<<<<

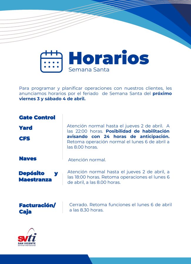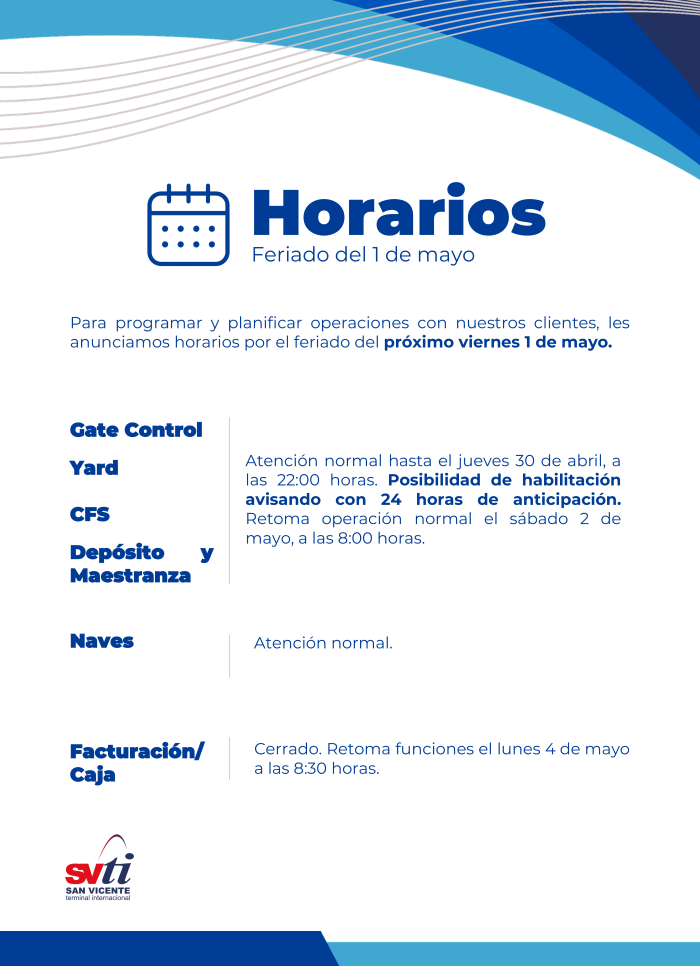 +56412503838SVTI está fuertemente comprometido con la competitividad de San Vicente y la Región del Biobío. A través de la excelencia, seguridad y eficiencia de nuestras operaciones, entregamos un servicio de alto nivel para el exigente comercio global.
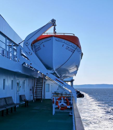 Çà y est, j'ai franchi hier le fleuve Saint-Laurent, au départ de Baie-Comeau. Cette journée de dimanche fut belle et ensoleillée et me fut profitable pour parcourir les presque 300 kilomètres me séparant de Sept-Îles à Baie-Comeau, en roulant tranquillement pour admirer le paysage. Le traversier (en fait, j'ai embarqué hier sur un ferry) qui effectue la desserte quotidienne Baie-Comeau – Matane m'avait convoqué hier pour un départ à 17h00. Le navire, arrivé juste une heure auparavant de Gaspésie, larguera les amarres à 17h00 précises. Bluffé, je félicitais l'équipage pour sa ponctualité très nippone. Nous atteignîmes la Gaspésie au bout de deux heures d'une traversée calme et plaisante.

>>>>
<<<<

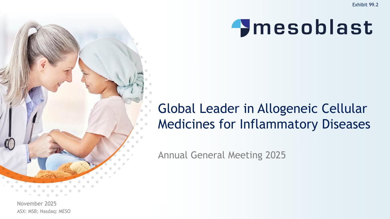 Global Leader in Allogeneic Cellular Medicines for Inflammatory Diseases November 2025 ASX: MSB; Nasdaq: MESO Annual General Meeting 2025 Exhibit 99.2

>>>>

- Brief
Transcribe, word for word, the lines of the listing above from the one that contains "exigente comercio global." through the one that contains "Çà y est, j'ai", keeping both ends and dropping the pictures.

- Answer space
 +56412503838SVTI está fuertemente comprometido con la competitividad de San Vicente y la Región del Biobío. A través de la excelencia, seguridad y eficiencia de nuestras operaciones, entregamos un servicio de alto nivel para el exigente comercio global.
 Çà y est, j'ai franchi hier le fleuve Saint-Laurent, au départ de Baie-Comeau. Cette journée de dimanche fut belle et ensoleillée et me fut profitable pour parcourir les presque 300 kilomètres me séparant de Sept-Îles à Baie-Comeau, en roulant tranquillement pour admirer le paysage. Le traversier (en fait, j'ai embarqué hier sur un ferry) qui effectue la desserte quotidienne Baie-Comeau – Matane m'avait convoqué hier pour un départ à 17h00. Le navire, arrivé juste une heure auparavant de Gaspésie, larguera les amarres à 17h00 précises. Bluffé, je félicitais l'équipage pour sa ponctualité très nippone. Nous atteignîmes la Gaspésie au bout de deux heures d'une traversée calme et plaisante.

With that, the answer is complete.